─── Given information ───
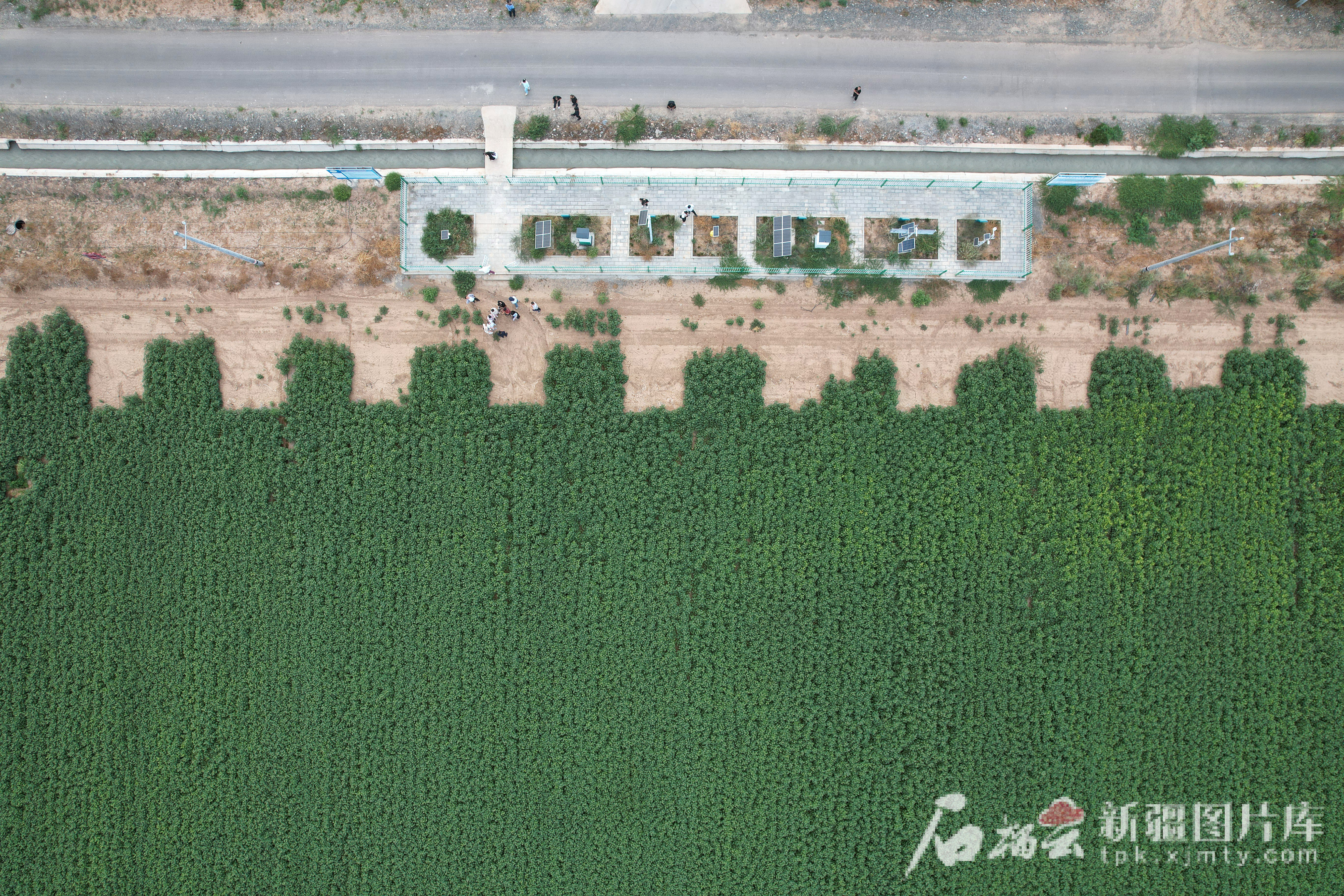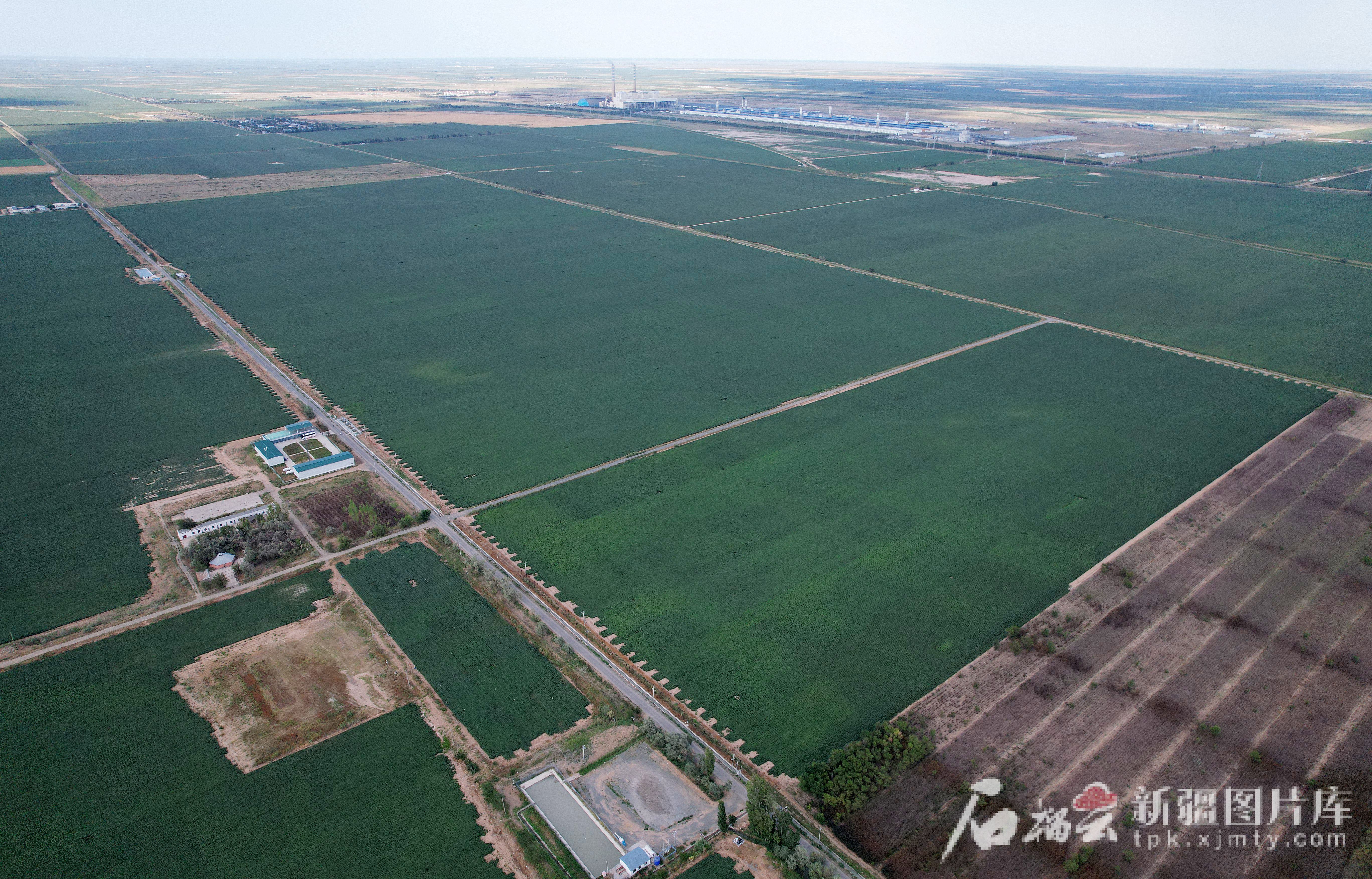 8月10日,俯瞰瑪納斯縣包家店鎮(zhèn)棉花長勢良好的高標(biāo)準(zhǔn)農(nóng)田。
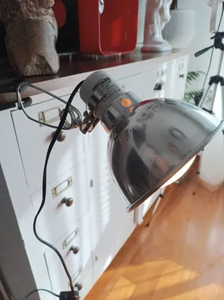 Lámpara tipo foco de aluminio con diseño industrial, montada sobre un trípode de acero y plástico - Estructura metálica plateada. - Base de trípode negra. No tiene cristal , es plástico. 170 cm de alto Con interruptor Se envía desmontado Es de aluminio y acero No Correos!!!! Album de cromos de futbol liga española Flexo aplique Panini mundicromo de la liga romántica fichas de la historia
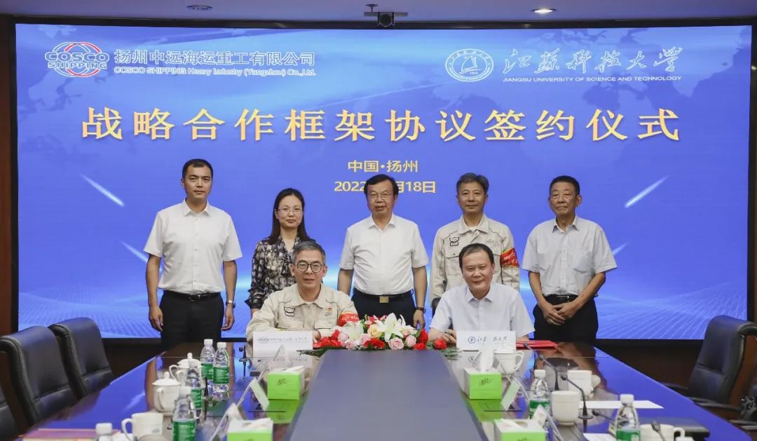 揚(yáng)州中遠(yuǎn)海運(yùn)重工與江蘇科技大學(xué)舉行戰(zhàn)略合作框架協(xié)議簽約儀式
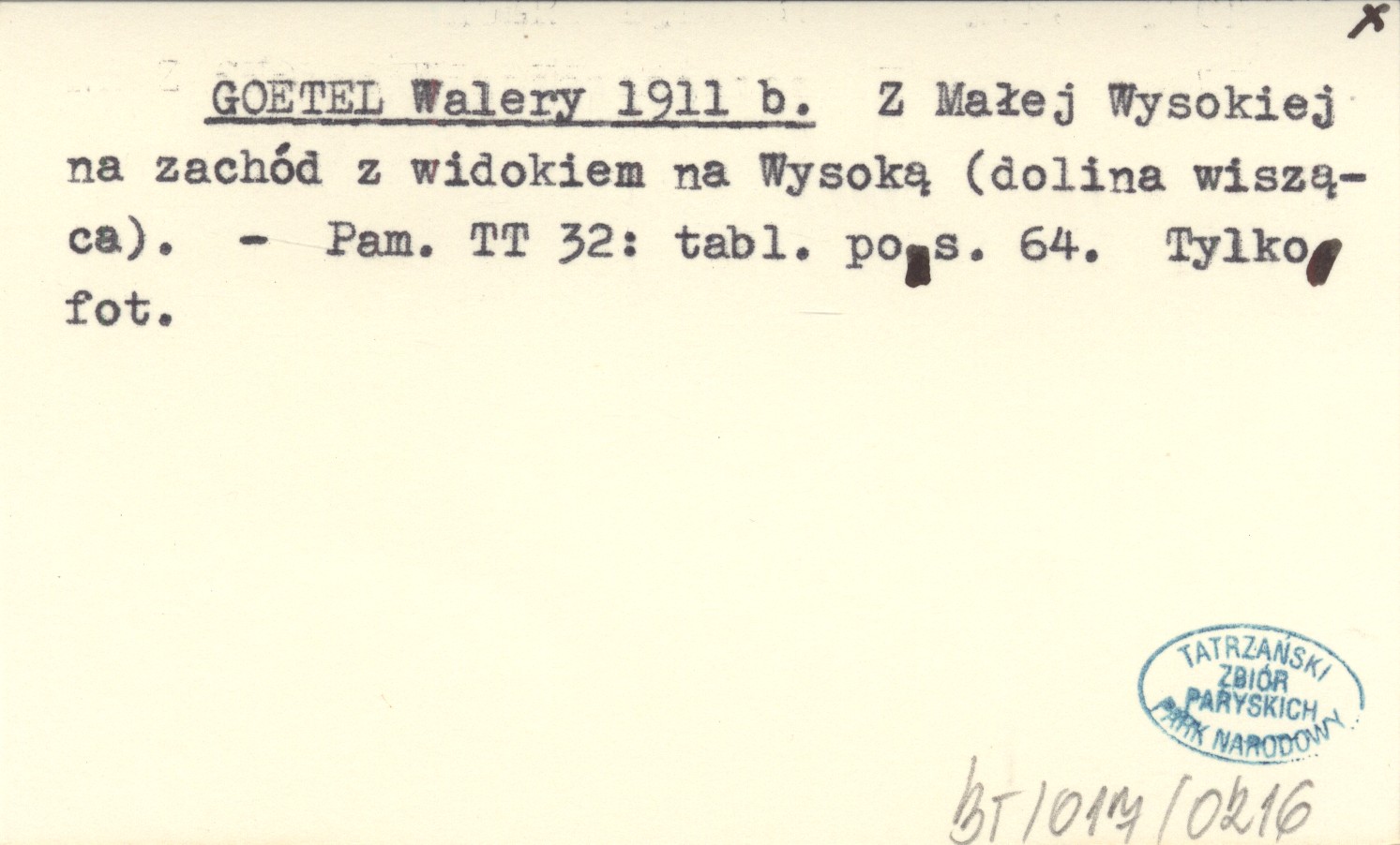 GOETEL Walery 1911 b Z Małej Wysokiej na zachód z widokiem na Wysoką (dolina wisząca).
───
**Instructions for the task**
Only the pictures are to be left out; the rest of the material above should be printed verbatim.

**Worked solution**
 8月10日,俯瞰瑪納斯縣包家店鎮(zhèn)棉花長勢良好的高標(biāo)準(zhǔn)農(nóng)田。
 Lámpara tipo foco de aluminio con diseño industrial, montada sobre un trípode de acero y plástico - Estructura metálica plateada. - Base de trípode negra. No tiene cristal , es plástico. 170 cm de alto Con interruptor Se envía desmontado Es de aluminio y acero No Correos!!!! Album de cromos de futbol liga española Flexo aplique Panini mundicromo de la liga romántica fichas de la historia
 揚(yáng)州中遠(yuǎn)海運(yùn)重工與江蘇科技大學(xué)舉行戰(zhàn)略合作框架協(xié)議簽約儀式
 GOETEL Walery 1911 b Z Małej Wysokiej na zachód z widokiem na Wysoką (dolina wisząca).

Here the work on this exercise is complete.